The whole listing below is to be copied exactly, with every picture left out.

** Opening Data provided block **

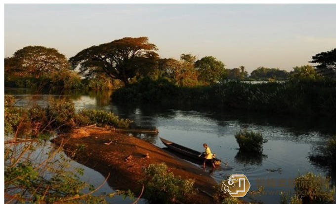
喜欢吃糖的人 岛上渔民
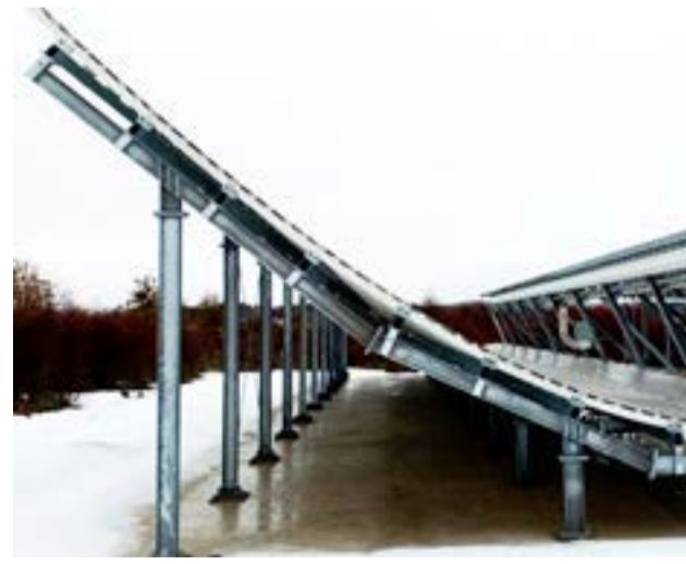
Melella indicó que “sería bueno que la Estación Astronómica de Río Grande, que es la que realiza este acuerdo, salga a explicar, porque cuando nosotros pedimos información nos dijeron que era un radar para identificar la basura en la órbita. Esto también lo dijo públicamente el Embajador argentino en los Estados Unidos”.

porque va a ser jefe de campaña. Fue un momento bueno y positivo a pesar del contexto del país”.

** Closing Data provided block **

## [Exercise result]
喜欢吃糖的人 岛上渔民
Melella indicó que “sería bueno que la Estación Astronómica de Río Grande, que es la que realiza este acuerdo, salga a explicar, porque cuando nosotros pedimos información nos dijeron que era un radar para identificar la basura en la órbita. Esto también lo dijo públicamente el Embajador argentino en los Estados Unidos”.

porque va a ser jefe de campaña. Fue un momento bueno y positivo a pesar del contexto del país”.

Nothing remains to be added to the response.